These are chat archives for rust-lang/rust

11th
Mar 2019
Edvin Malinovskis
@nCrazed
Mar 11 08:21 UTC
kylegoetz
@kylegoetz
Mar 11 18:24 UTC

My IDE underlines the p in p.path() and reports that p does not live long enough

paths.filter_map(|dir| {
        return match dir {
            Err(_e) => None,
            Ok(p) => Some(Image { path: p.path() }),
        };
    })

I don't understand this. Isn't the Ok(p) => ... a function/closure that takes ownership of p and then only does one thing with p (gets a Path) and never needs it again? (p.path() returns an object of type Path)

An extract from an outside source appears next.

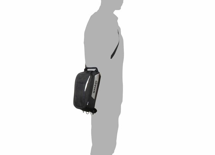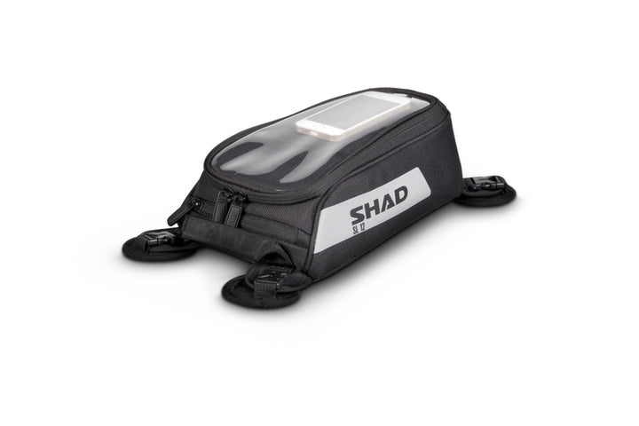 SHAD presents to the market its new line of SL touring bags. With high resistance and quality, the range meets regulations RoHs and Reach. With an attractive design, 100% Barcelona Design. They also have large reflective elements for greater security. Compact tank bag with reflective elements to increase security. It includes an upper compartment with touch screen for Smart Phones. Fixed to the bike with 4 removable magnets. Features: • Zipped main compartment, featuring an inner mesh pocket with elastic closure. • Zipped outer pocket. • Zipper with resistant pullers suitable for use with gloves. • Cushioned carry handle. • Adjustable shoulder strap. • Upper compartment with touch screen for up to 6” screen Smartphone, with access from the inside. • Universal Adaptation: 2 fitting kit systems: O INCLUDED: 4 removable magnets O OPTIONAL: Universal tank base (Ref. X1SL90). • Cable outlet to pass the USB charger. • Several reflective parts for security. • ACCESSORY: USB Charger (Ref. X1SB95). • ACCESSORY: Waterproof rain cover. Specifications: Size: 10 x 30 x 19 cm Capacity: 4L Main material: Polyester. Color: Black Depth (cm): 10 Height (cm): 1.9 Luggage Capacity (L): 4L Luggage Type: Soft Material: Textile Weatherproof: Waterproof Width (cm): 30.0

I have a feeling someone will ask to see what Image is:
pub struct Image<'a> {
    pub path: &'a Path,
}
Ingvar Stepanyan
@RReverser
Mar 11 18:25 UTC
You need to use move |dir| { ... } if you want to take ownership of the captured variable
kylegoetz
@kylegoetz
Mar 11 18:26 UTC
I don't want or not-want to take ownership of the captured variable. I want to take ownership of what p.path() returns. I could care less what happens to p after I extract the path via p.path().
Ingvar Stepanyan
@RReverser
Mar 11 18:27 UTC
yes but p.path() is just a borrow of actual p (assuming your p is PathBuf)
kylegoetz
@kylegoetz
Mar 11 18:27 UTC
p is a walkdir::DirEntry, a third party thing
Ingvar Stepanyan
@RReverser
Mar 11 18:27 UTC
same - closure wants to own the data too to make sure that the p.path() borrow doesn't outlive it
alternatively, if you do need p outside of this function, you can calculate p.path().to_owned() outside of the closure and then capture that as another variable, but that would involve a data clone.
kylegoetz
@kylegoetz
Mar 11 18:31 UTC
I don't need p. Basically I've got an iter of Result<DirEntry, Error>s representing a list of files in a directory structure, which is the dir. I'm trying to filter_map to get rid of the errors and return the DirEntrys converted into Images. I will never use any of those ps or dirs again. I'm thinking of this from a functional POV: get some iter, transform it to a vector of other things, and the next step will use the vector and never look at that iter or its contents again.
only thing I need is the vector of Image structs that have a path property that refers to the image on disk
Ingvar Stepanyan
@RReverser
Mar 11 18:32 UTC

I don't need p.

You don't, but p.path() needs it.

kylegoetz
@kylegoetz
Mar 11 18:33 UTC
Right. But in Ok(p) => Some(Image { path: p.path() }) that's the first occurrence of p and it's not got & beside it in the function Ok(p), so it should be owned, not borrowed, for the lifetime of the function Ok(p) => { ... }
Ichoran
@Ichoran
Mar 11 18:34 UTC
@kylegoetz - It's often easier to understand if you just manually loop through the iterator. Ownership is certainly simpler that way.
Ingvar Stepanyan
@RReverser
Mar 11 18:34 UTC
Unfortunately, it's not the default - by default Fn / FnMut closures (which flat_map accepts) would try to borrow data and not own it, unless you specify move.
kylegoetz
@kylegoetz
Mar 11 18:35 UTC
I read this as the function called Ok is passed parameter p and given ownership of it. The function called Ok starts with ownership of p, creates an Image with path property set to the return of p.path(), put sthat in an Option, and after that, the lifetime of p ends because the function that has ownership, Ok, terminates.
So I don't understand how p isn't known to last long enough to fetch p.path()
Ingvar Stepanyan
@RReverser
Mar 11 18:37 UTC

I read this as the function called Ok is passed parameter p and given ownership of it.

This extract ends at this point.